Could you return all of the entries word for word, minus any pictures?

__Data items__:
<<<<

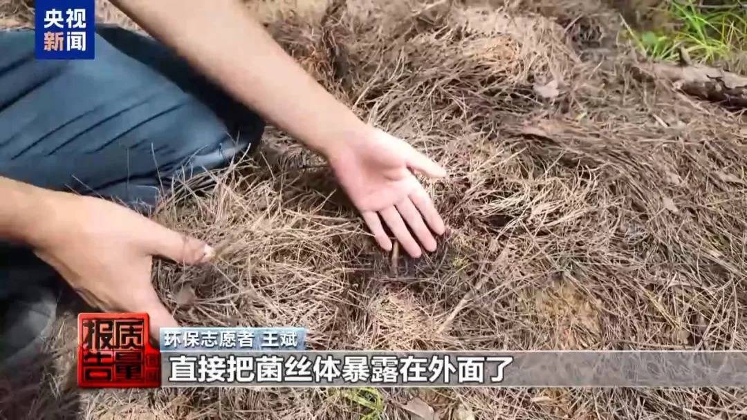 环保志愿者 王斌:耙完之后,直接把菌丝体暴露在外面了,菌丝体一见阳光之后就会死掉,就没有了日后恢复、再长蘑菇的能力了。
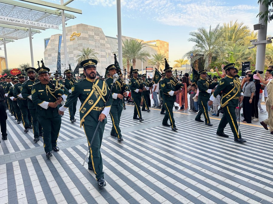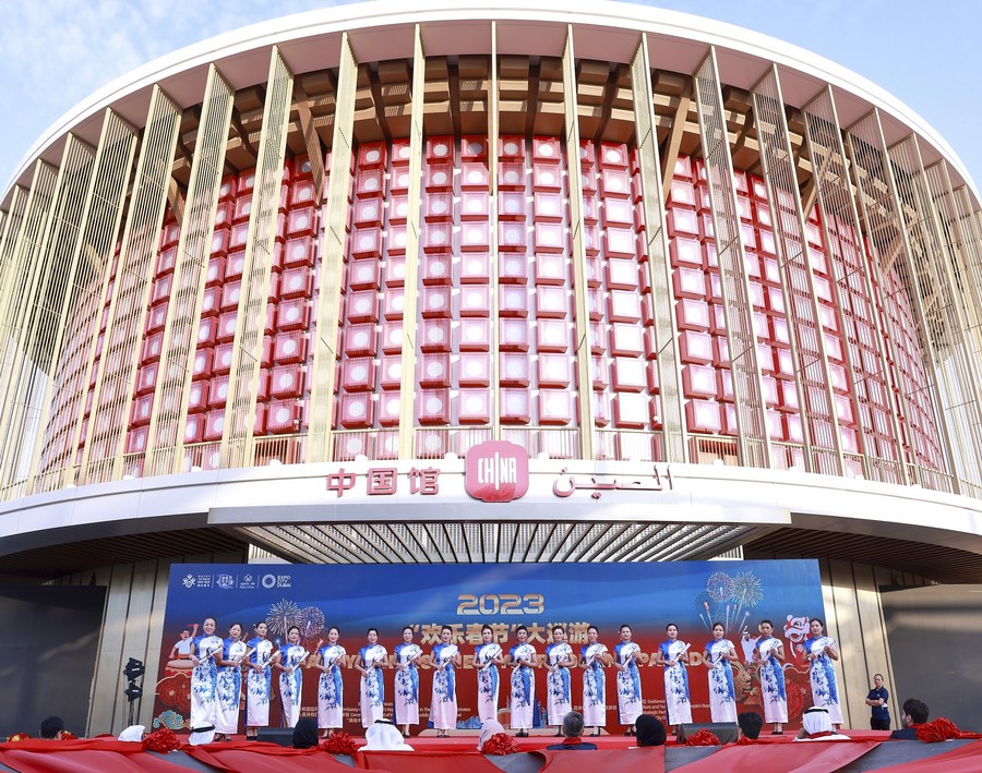 DUBAI, 16 janvier (Xinhua) -- Des musiciens présentent un spectacle devant le pavillon chinois à l'Expo City Dubaï, le site de l'Expo 2020 Dubaï, aux Emirats arabes unis (EAU), le 14 janvier 2023. Baptisée "Grande parade du Nouvel An chinois", la parade de deux kilomètres a attiré des millers de spectateurs. (Xinhua)
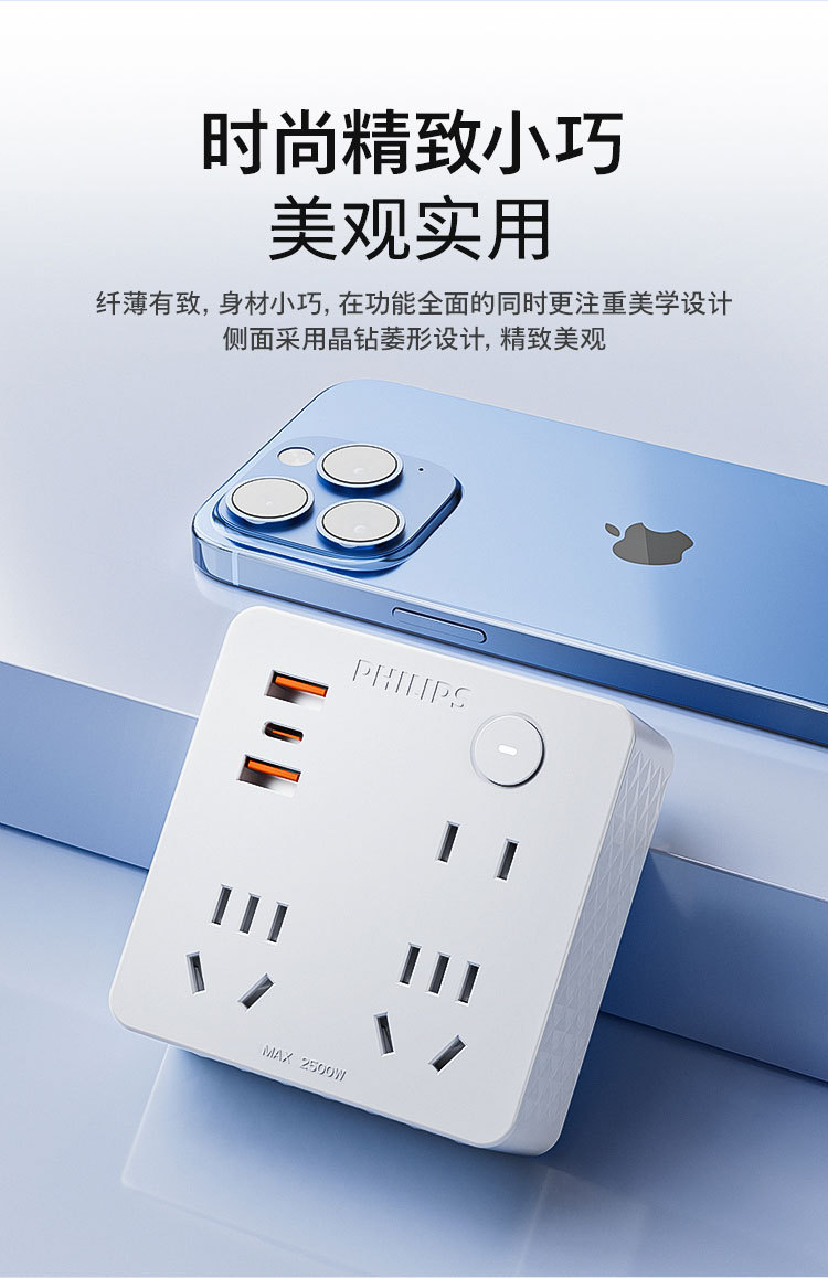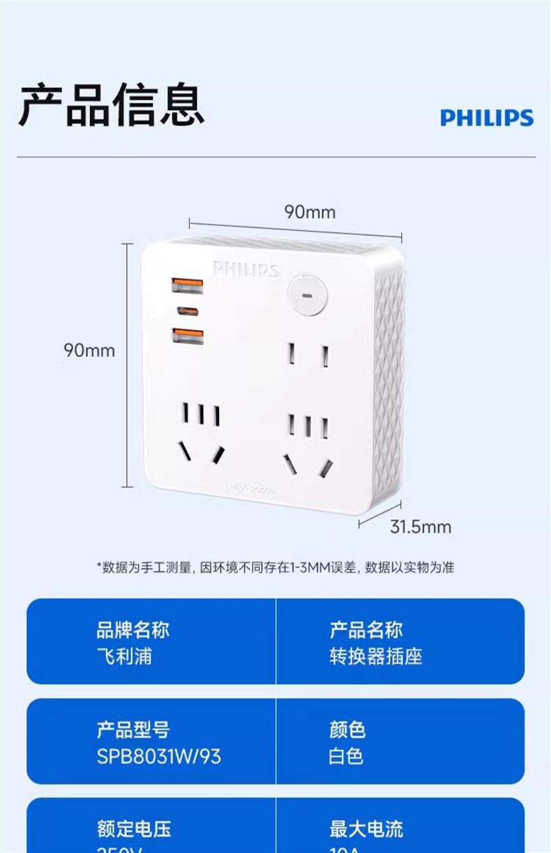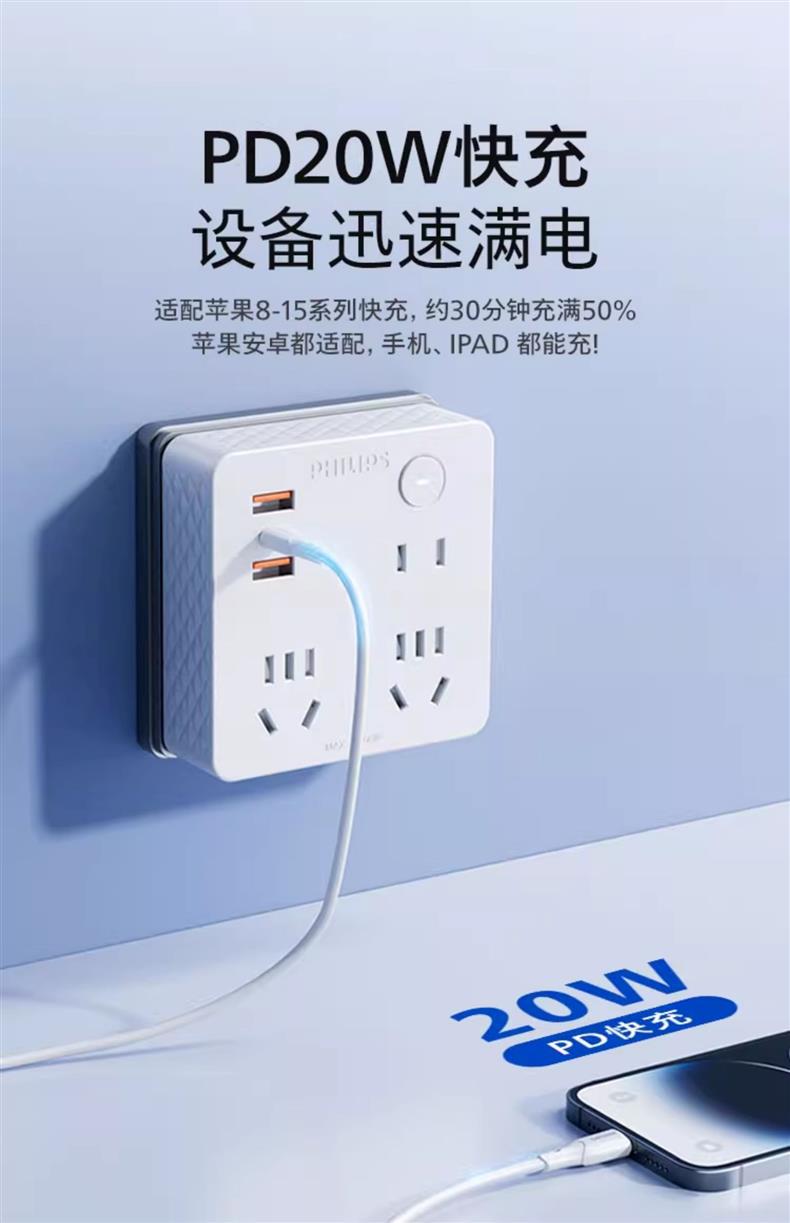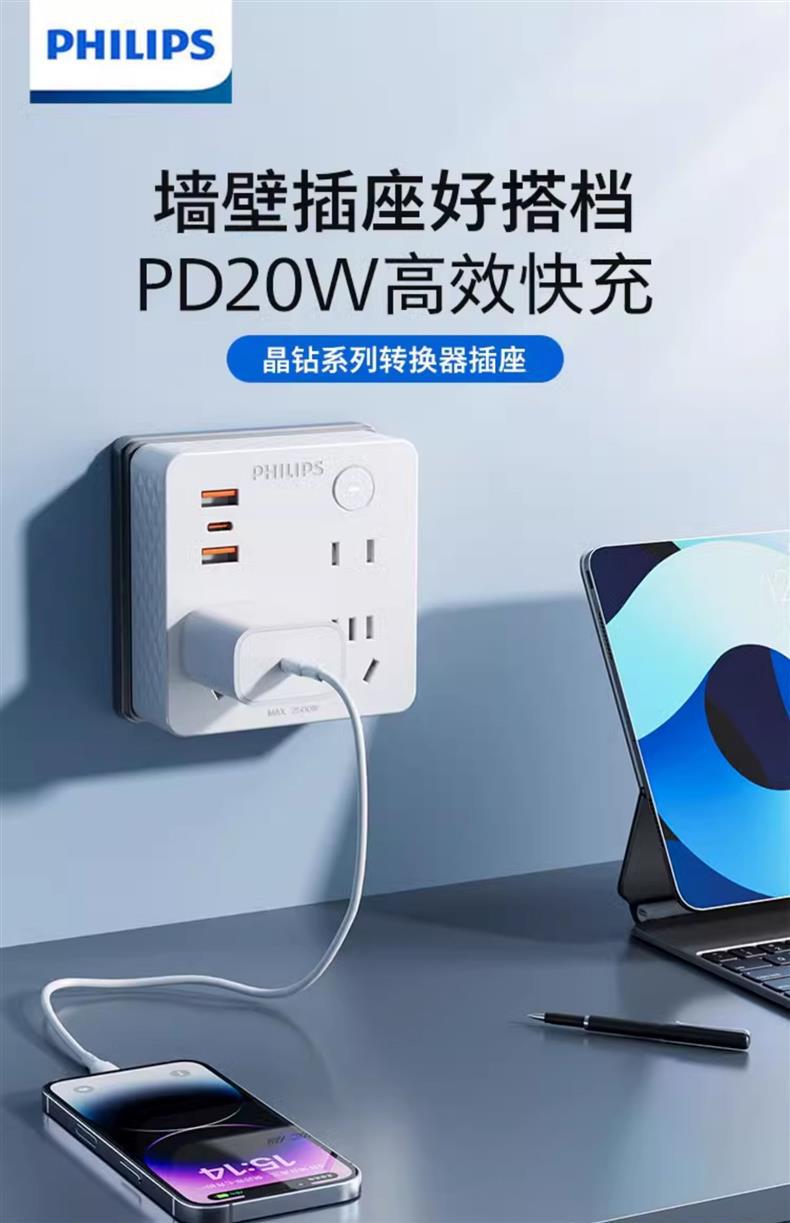 Преобразователь розетки Philips USB, многофункциональная настенная беспроводная панель
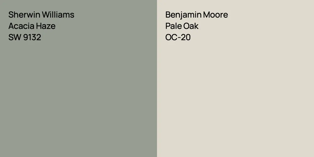 We understand how important it is to remember the details. The colors, each with their own unique beauty and value, are truly special. It's important to note that the colors have different hues. Sherwin Williams SW 9132 leans towards hues, while Benjamin Moore OC-20 is .
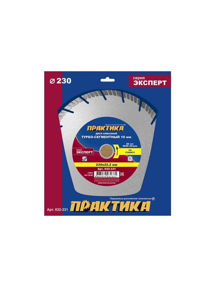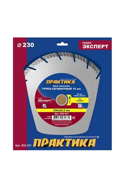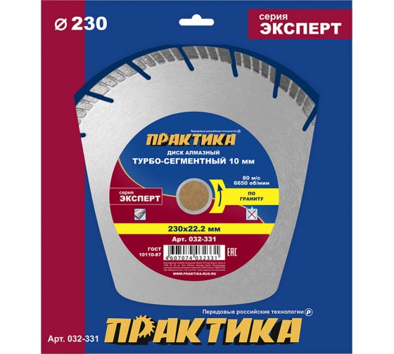 Диск алмазный турбосегментный ПРАКТИКА "Эксперт-гранит" 230*22 мм, сегмент 10 мм в Солнечный
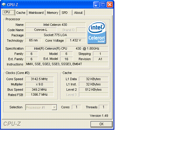 | Процессор (ядро) | Intel Celeron (Conroe-L) |
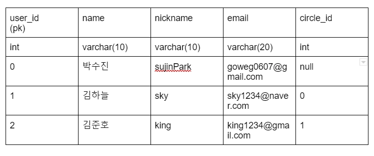 PK : Primary Key. 한개의 record또는 row를 테이블 안에서 고유하게 식별할 수 있는 인식표. PK는 중복 될 수 없다.
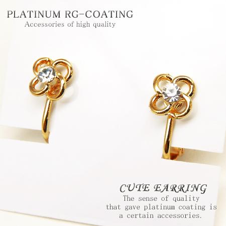 フラワー型イヤリング パーティー 結婚式 プレゼント レディース ゴールドcr 花 CZダイヤ【 fp89 】
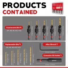 This versatile set includes everything you need for precision countersinking: 5 countersink bits (#4, #6, #8, #10, #12) with matching pilot drills, a 60mm magnetic extension holder for hard-to-reach areas, and an Allen wrench for easy adjustments. All pieces come neatly packed in a durable storage case that keeps your tools organized and protected wherever you go.
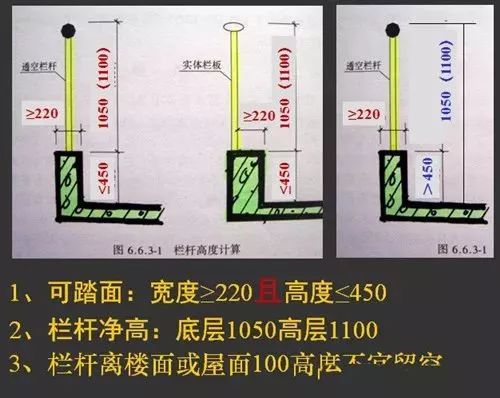 b、梯段净高,包括两种情况:梯段踏步前缘线量至直上方突出物下缘间的铅垂高度;梯段最高和最低一级踏步前缘线以外300范围内量至直上方突出物下缘间的铅垂高度。
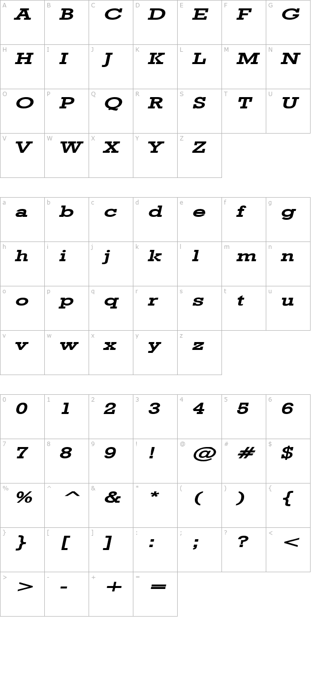 Geo 986 Extended Bold Italic Character Map

>>>>

__EXERCISE SOLUTION__:
 环保志愿者 王斌:耙完之后,直接把菌丝体暴露在外面了,菌丝体一见阳光之后就会死掉,就没有了日后恢复、再长蘑菇的能力了。
 DUBAI, 16 janvier (Xinhua) -- Des musiciens présentent un spectacle devant le pavillon chinois à l'Expo City Dubaï, le site de l'Expo 2020 Dubaï, aux Emirats arabes unis (EAU), le 14 janvier 2023. Baptisée "Grande parade du Nouvel An chinois", la parade de deux kilomètres a attiré des millers de spectateurs. (Xinhua)
 Преобразователь розетки Philips USB, многофункциональная настенная беспроводная панель
 We understand how important it is to remember the details. The colors, each with their own unique beauty and value, are truly special. It's important to note that the colors have different hues. Sherwin Williams SW 9132 leans towards hues, while Benjamin Moore OC-20 is .
 Диск алмазный турбосегментный ПРАКТИКА "Эксперт-гранит" 230*22 мм, сегмент 10 мм в Солнечный
 | Процессор (ядро) | Intel Celeron (Conroe-L) |
 PK : Primary Key. 한개의 record또는 row를 테이블 안에서 고유하게 식별할 수 있는 인식표. PK는 중복 될 수 없다.
 フラワー型イヤリング パーティー 結婚式 プレゼント レディース ゴールドcr 花 CZダイヤ【 fp89 】
 This versatile set includes everything you need for precision countersinking: 5 countersink bits (#4, #6, #8, #10, #12) with matching pilot drills, a 60mm magnetic extension holder for hard-to-reach areas, and an Allen wrench for easy adjustments. All pieces come neatly packed in a durable storage case that keeps your tools organized and protected wherever you go.
 b、梯段净高,包括两种情况:梯段踏步前缘线量至直上方突出物下缘间的铅垂高度;梯段最高和最低一级踏步前缘线以外300范围内量至直上方突出物下缘间的铅垂高度。
 Geo 986 Extended Bold Italic Character Map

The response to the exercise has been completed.